═══ The input

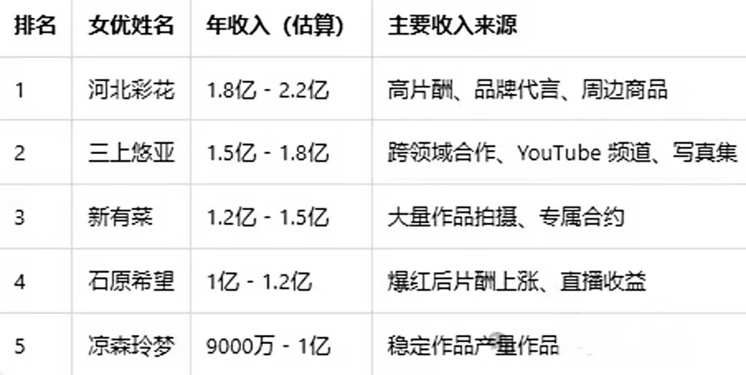 霓虹丨2025 年业界女优排行与收入,一年收入破亿的居然是她?
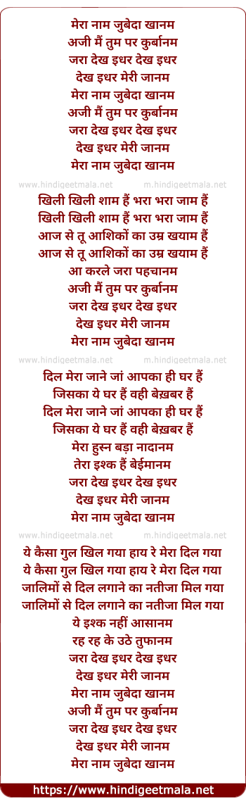 Lyrics of Mera Naam Zubeda Khanam - मेरा नाम जुबेदा खानम
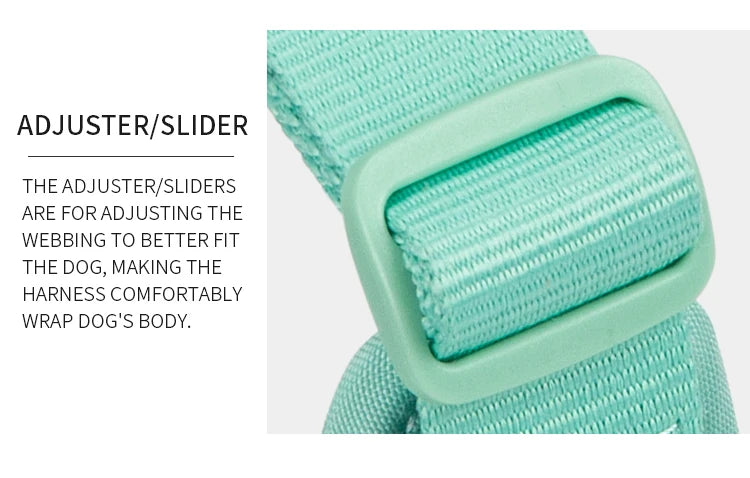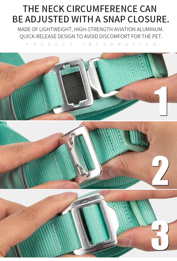 - Lightweight aviation aluminum fittings on the neck strap let you slip the harness on without pulling it over your dog's head, with a quick-release buckle for speed.
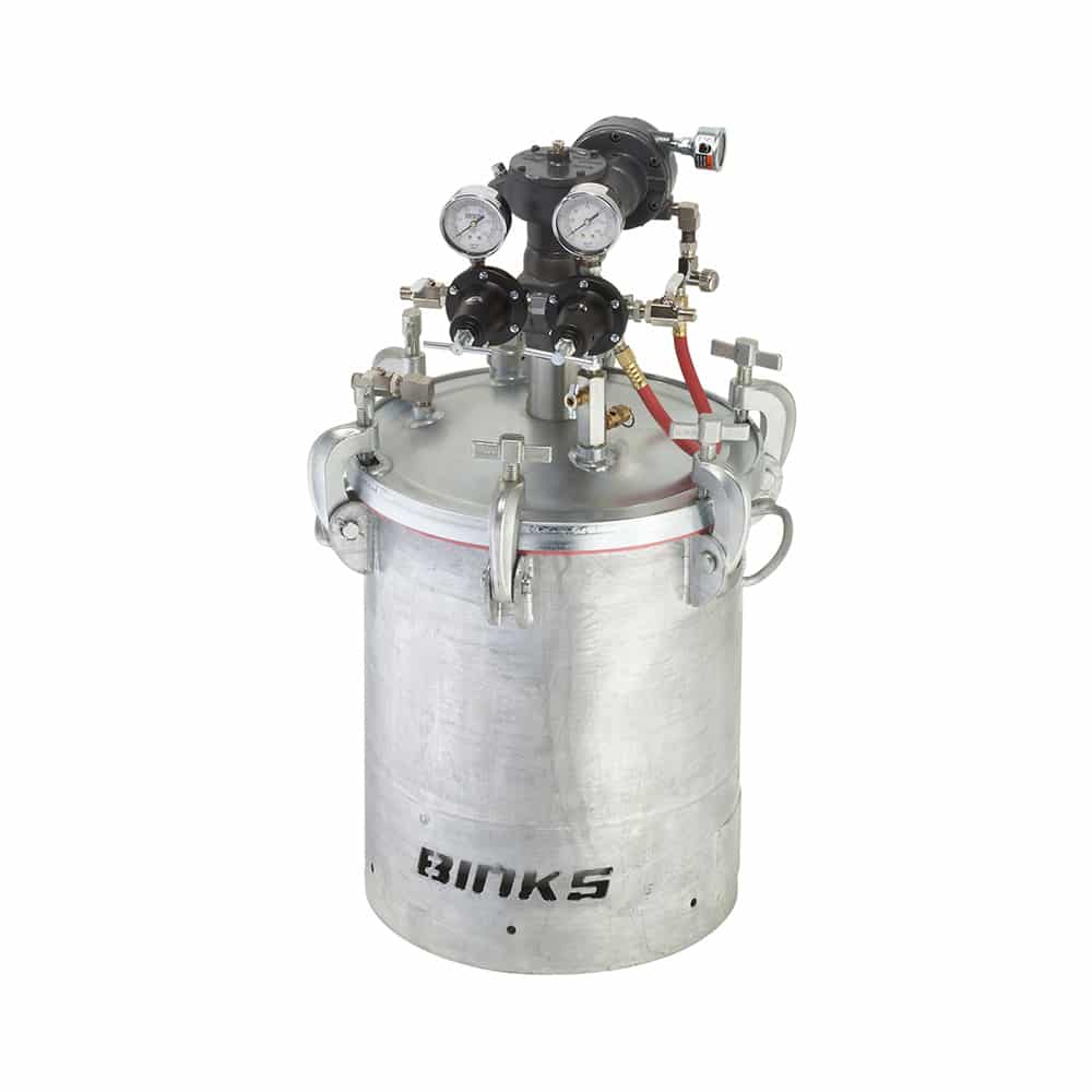 Binks pressure feed containers provide a consistent supply of conditioned coating material, ensuring optimal viscosity and pressure for efficient spray application.
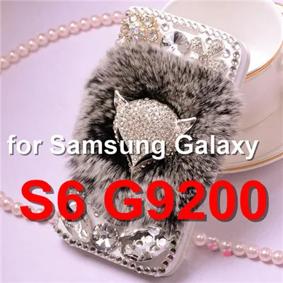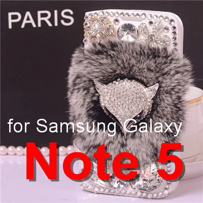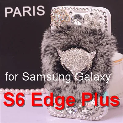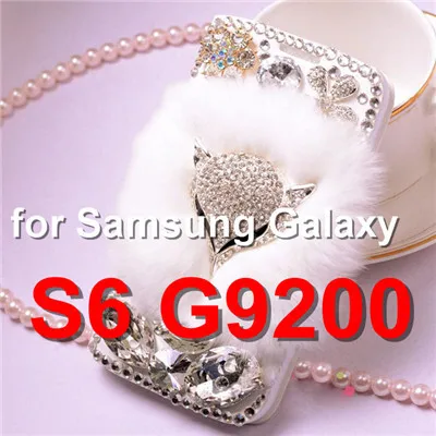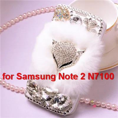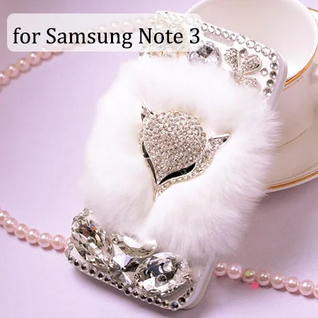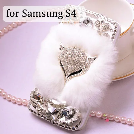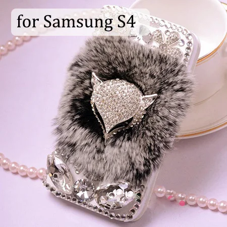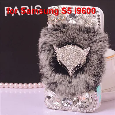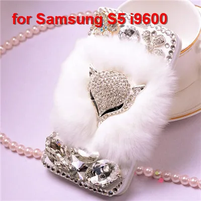 Features:Rabbit Fur Fox Head Bling Flip Leather Case
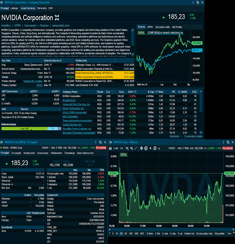 Nvidia ($ NVDA): Trump nałożył 25% cło na wybrane układy AI, w tym H200, co bezpośrednio dotyka narracji o marżach i popycie poza USA. Biały Dom podkreśla, że cła mają być „wąsko ukierunkowane” i nie obejmować importu dla amerykańskich centrów danych, ale rynek będzie wyceniał ryzyko łańcucha dostaw i retorsji. Dodatkowo pojawiają się sprzeczne sygnały z Chin co do dopuszczenia H200, co może zwiększyć niepewność co do sprzedaży zagranicznej. Krótko: w chipach temat dnia to nie tylko popyt, ale polityka handlowa. / Reuters
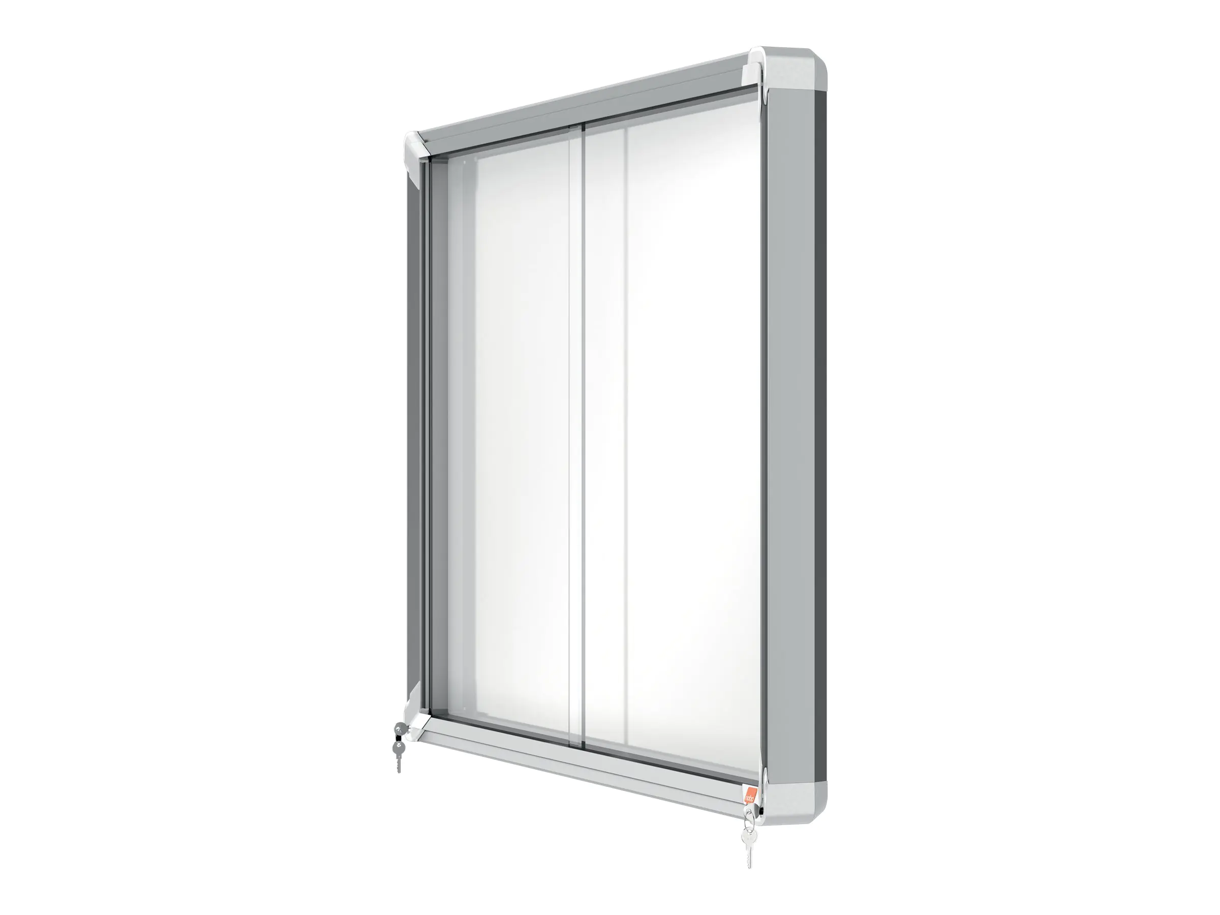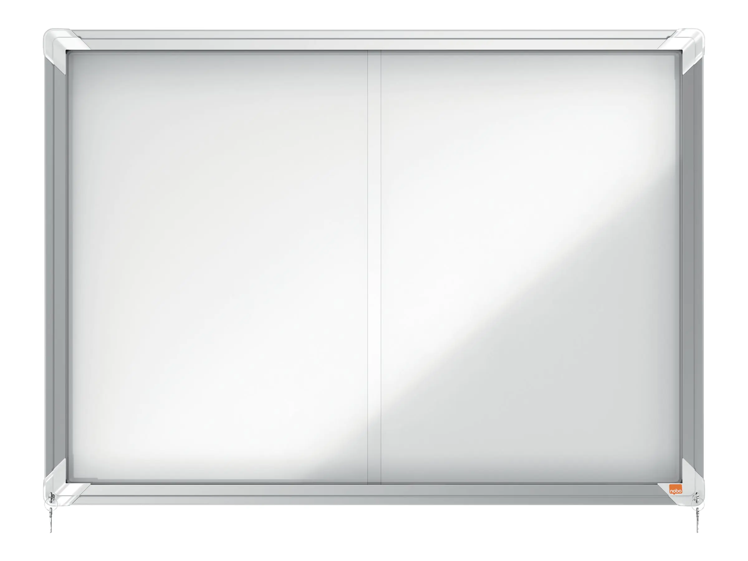 - Abschließbarer Schaukasten für den Innenbereich mit weißer, magnetischer, trocken abwischbarer Oberfläche, Schiebetür aus 4-mm-Sicherheitsglas und Sicherheitsschloss
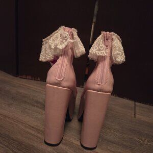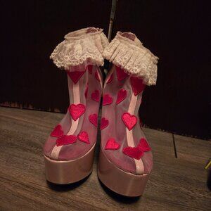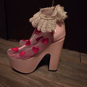 Dollskill pink platform, red heart mesh, frilly lace shoes! Us 6
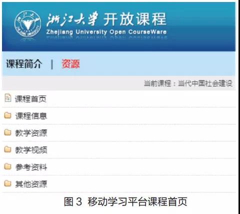 浙江大学移动学习平台课程模块包括课程基本信息、教学资源、教学互动等几大内容,具体如图3所示。
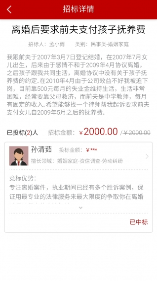 *招标:发布需求任务,律师竞标,委托合适律师进行服务。
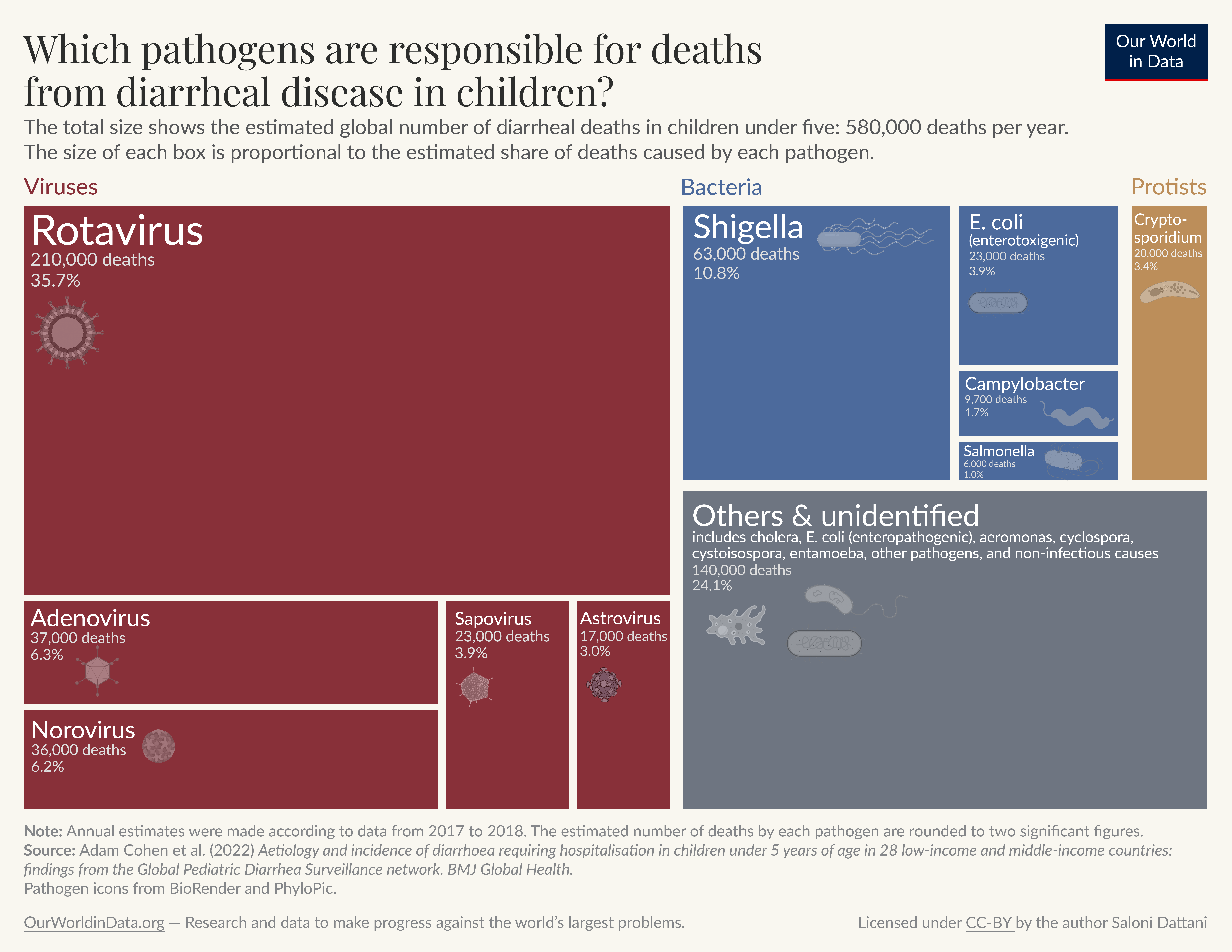 This page shows estimates of diarrheal death rates worldwide and the pathogens that cause them. We also offer data on access to public health measures and how they have changed.

══════

Assignment: Exclude the pictures, then retype every record exactly.

Answer box:
 霓虹丨2025 年业界女优排行与收入,一年收入破亿的居然是她?
 Lyrics of Mera Naam Zubeda Khanam - मेरा नाम जुबेदा खानम
 - Lightweight aviation aluminum fittings on the neck strap let you slip the harness on without pulling it over your dog's head, with a quick-release buckle for speed.
 Binks pressure feed containers provide a consistent supply of conditioned coating material, ensuring optimal viscosity and pressure for efficient spray application.
 Features:Rabbit Fur Fox Head Bling Flip Leather Case
 Nvidia ($ NVDA): Trump nałożył 25% cło na wybrane układy AI, w tym H200, co bezpośrednio dotyka narracji o marżach i popycie poza USA. Biały Dom podkreśla, że cła mają być „wąsko ukierunkowane” i nie obejmować importu dla amerykańskich centrów danych, ale rynek będzie wyceniał ryzyko łańcucha dostaw i retorsji. Dodatkowo pojawiają się sprzeczne sygnały z Chin co do dopuszczenia H200, co może zwiększyć niepewność co do sprzedaży zagranicznej. Krótko: w chipach temat dnia to nie tylko popyt, ale polityka handlowa. / Reuters
 - Abschließbarer Schaukasten für den Innenbereich mit weißer, magnetischer, trocken abwischbarer Oberfläche, Schiebetür aus 4-mm-Sicherheitsglas und Sicherheitsschloss
 Dollskill pink platform, red heart mesh, frilly lace shoes! Us 6
 浙江大学移动学习平台课程模块包括课程基本信息、教学资源、教学互动等几大内容,具体如图3所示。
 *招标:发布需求任务,律师竞标,委托合适律师进行服务。
 This page shows estimates of diarrheal death rates worldwide and the pathogens that cause them. We also offer data on access to public health measures and how they have changed.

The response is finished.